As for his mother, over the five years you've obviously both slid into this relationship and that makes it hard to change but again I'd say as a couple you have three horses free of charge on a yard with (from your photos) reasonable facilities. You (between you, currently falling mainly on your shoulders) have to do three horses, surely doing another makes little difference? I'd suggest you just get on and do it - basically you have four horses to look after all the time, at least when she rides she tacks the damned thing up for herself. It seems a small price to pay, to me, for having a nice yard which 6 days out of 7 is yours with no-one to interfere, no blasted livery yard politics, etc. If you are going to have a long term relationship then you need to accept his mother is there, and learn how to negate anything she says without alienating either your OH or her.
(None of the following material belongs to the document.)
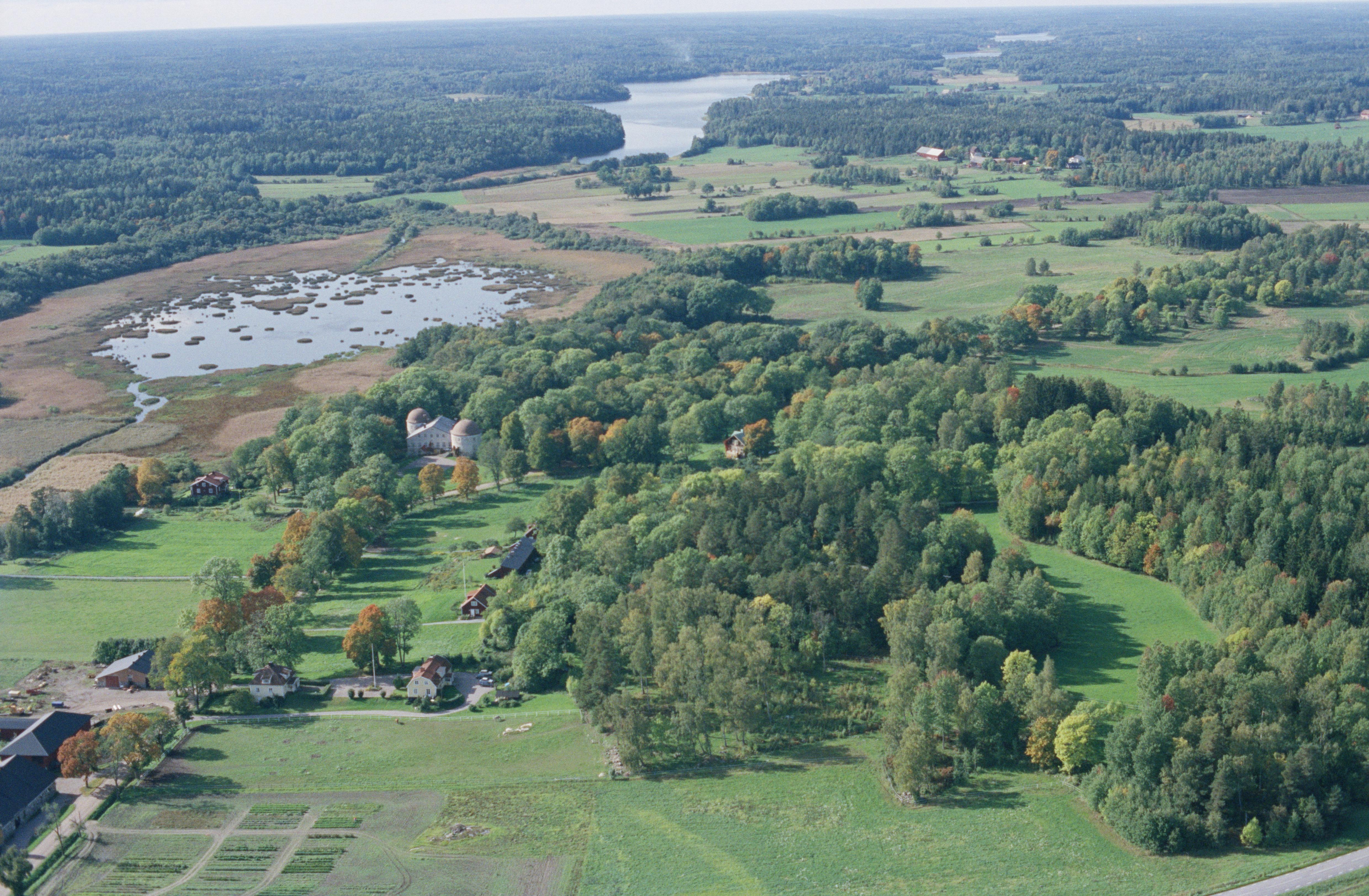 Beskrivning: Penningby slott, byggnadsminne Länna-Penningby 1:4, vid Väsbysjön och gravfält RAÄnr Länna 61:1. I bildens övre del Länna kyrksjö. Bilden är tagen mot (väderstreck): SV

There's no doubt you are feeling very overworked and hard done by and we all know how hard this time of year is. I think you are taking a jaundiced view and I honestly think that a good night's sleep will put a better complexion on things - but of course you do have the option to leave, get digs, get a job and do precisely what you want, when you want - within, of course, the bounds of Uni work, job work and finance.

Take a step back, count your blessings and don't do anything hasty. I hope it all seems clearer in the morning.


----------



## Cedars (14 November 2011)

Thanks again everyone - particularly Jemima-Too who is also right with regards to the things that tie me down.

The yard is absolutely fantastic, really amazing, no complaints. But I literally am not allowed/don't get a chance to use them (I'm not allowed to loose school MY horse in the school, but they loose school theirs...I'm not allowed to ride their horses at all in the school, but of course they do). 

You are right that, when things were really pants, I relied wholly on her goodwill to have somewhere to live etc. But our relationship has soured since then (which is probably my fault). I think its been my fault because I have just let stuff get piled on to me without ever saying NO. Things like, I organise her plumbing, cleaners, electricians, etc because she asks me to - but I should say NO. 

We just need to rebalance the situation, and if we can't, then I've got to go I think. But I certainly won't be walking out overnight, we've been together too long for that. xxx


----------



## Paddy Irish (14 November 2011)

It's definitely time for action cedars - you've done the talking with the OH and it's got you nowhere so now you need to take stock of the situation and , although it's so so sad , it's time to realise that these people are bullies and I really think that they are treating you badly because they know the'll get away with it , they already know that your parents have done so , so they are probably confident that you wont challenge their manipulating spiteful behaviour - this isn't the begining of the end , it's the end of the begining and you're so young , you need to shed these parasites whilst you still have the energy - be the master of your own destiny , carve out the future that YOU deserve..and never ever think that you haven't got friends cos we are all here right behind you..I'm all the way down here in Cornwall but you'd be more than welcome to come down and have a break , if only to give them a rocket up the backside and show them that you're not going to put up with this treatment anymore!!!


----------



## Spot_the_Risk (14 November 2011)

Some great advice on here, I hope it's helped you to see things clearly.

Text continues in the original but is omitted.